An image of researchers at Oregon Health & Science University removing the nucleus from the mother's cell before it's inserted into the donor's egg cell.
Courtesty of Oregon Health & Science University
Geneticist reported Wednesday that they had crossed a threshold long considered off-limits: They have made changes in human DNA that can be passed down from one generation to the next.
The researchers at Oregon Health & Science University in Portland say they took the step to try to prevent women from giving birth to babies with genetic diseases. But the research is raising a host of ethical, social and moral questions.
"That kind of genetic engineering has been ruled off-limits," says Marcy Darnovsky of the Center for Genetics and Society. "And it's a very bright line that has been observed by scientists around the world."
There have been lots of reasons for that line. One big one is purely practical, says Dartmouth bioethicist Ronald Green.
"If we make mistakes, we'll effectively be introducing a new genetic disease into the human population — for generation after generation," Green says.
But beyond the risks, Green says taking that step has long raised more far-reaching fears. It's the kind of technology that could be used to try to create genetically superior humans.
"It could easily move into the realm of gene enhancement," Green says. "Higher IQ. Improved physical appearance. Athletic ability. That's a worry to some people — to many people."
But in this week's issue of the scientific journal Nature, Shoukhrat Mitalipov of Oregon Health & Science University and colleagues report that they have crossed that line. They have figured out a way to change the DNA in a human egg.
Mitalipov says his team is trying to prevent some rare but horrible disorders: genetic conditions caused by defects in a certain kind of DNA known as mitochondrial DNA, which only mothers pass down to their kids.
"They are caused by mutations in this mitochondrial DNA, which is pretty small — only encodes 37 genes," Mitalipov says.
So Mitalipov's team figured out a way to pluck these little packets of defective mitochondrial DNA out of eggs and replace them with healthy genes from eggs donated by other women. They fertilized the transplanted eggs in the laboratory and showed they could create healthy embryos.
"What we showed is that the faulty genes, which are usually passed through the woman's egg, can be safely replaced. And that way, the egg still retains its capacity to be fertilized by sperm and develop," he says.
The researchers haven't taken the next step yet: They haven't tried to make babies out of these modified embryos. But they have made baby monkeys this way, increasing their confidence it would work.

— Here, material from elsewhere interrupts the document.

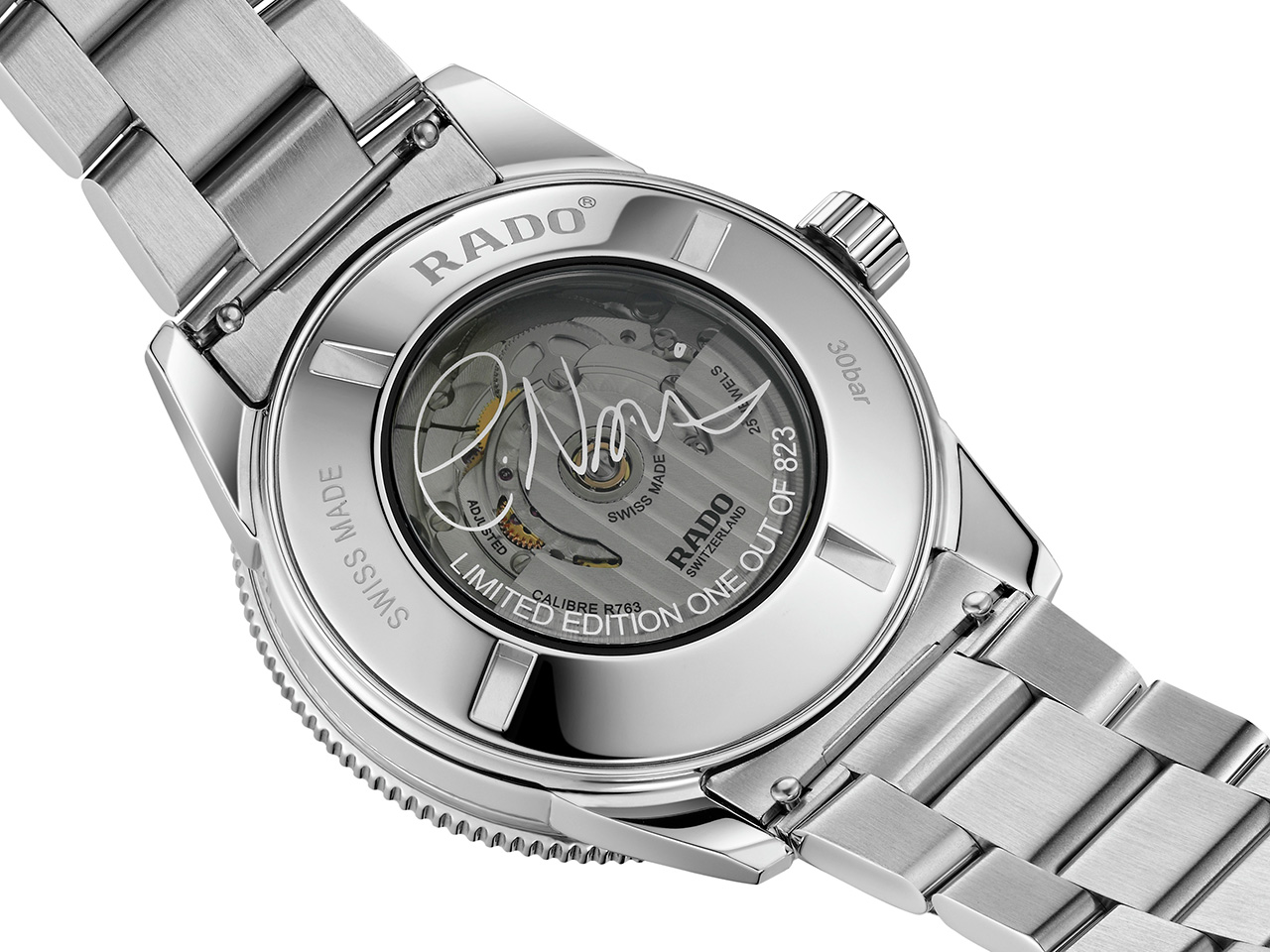 Часы комплектуются браслетом из нержавеющей стали и системой EasyClip от Rado. В комплекте часов предусмотрены два варианта ремешков: классический кожаный и текстильный в стиле НАТО. Задняя крышка с тонированным сапфировым стеклом и подписью Кэмерона Норри подчеркивает эксклюзивность модели.

And some other doctors hope so, too. Mary Herbert of Newcastle University is part of a team that has prompted a national debate in England by doing similar research. She also hopes to help women who have gone through the trauma of giving birth to a baby with one of these genetic conditions.
"In severe cases, the child will die in the first days of life, or they might live, you know, a few years and then die," Herbert says. "It's like a game of Russian roulette."
But the work raises a long list of questions. One is about the morality of creating embryos in the laboratory for research and destroying them, which some consider immoral. Another is about the safety of the women donating the eggs. And, of course, it's far from clear that the resulting babies will be healthy.
But even if they are, there are still more questions. One is about the very genetic identity of any babies made this way. They'd inherit DNA from three separate people instead of the usual two: from the father's sperm; from the egg of the woman whose egg was fixed; and from the egg of the woman who donated some of her DNA to fix the problem.
"So yes, we're going to have to, perhaps, get used to the fact that people can have three genetic parents in the future," Dartmouth bioethicist Green says.
But beyond that, the move raises those early fears about manipulating DNA to create a brave new world of genetic haves and have-nots, according to Darnovsky.
"Socially, what this would mean is we would be moving toward a world in which some people — and it would be people who could afford these procedures — would have either real or perceived genetic advantage," she says.
Despite the concerns, Mitalipov and Herbert say the real benefits of preventing genetic diseases outweigh such hypothetical risks. Herbert is awaiting a decision by the British government on whether she can proceed to the next step in her research. Mitalipov has already asked the Food and Drug Administration if he can try to make a healthy baby by genetically altering human eggs.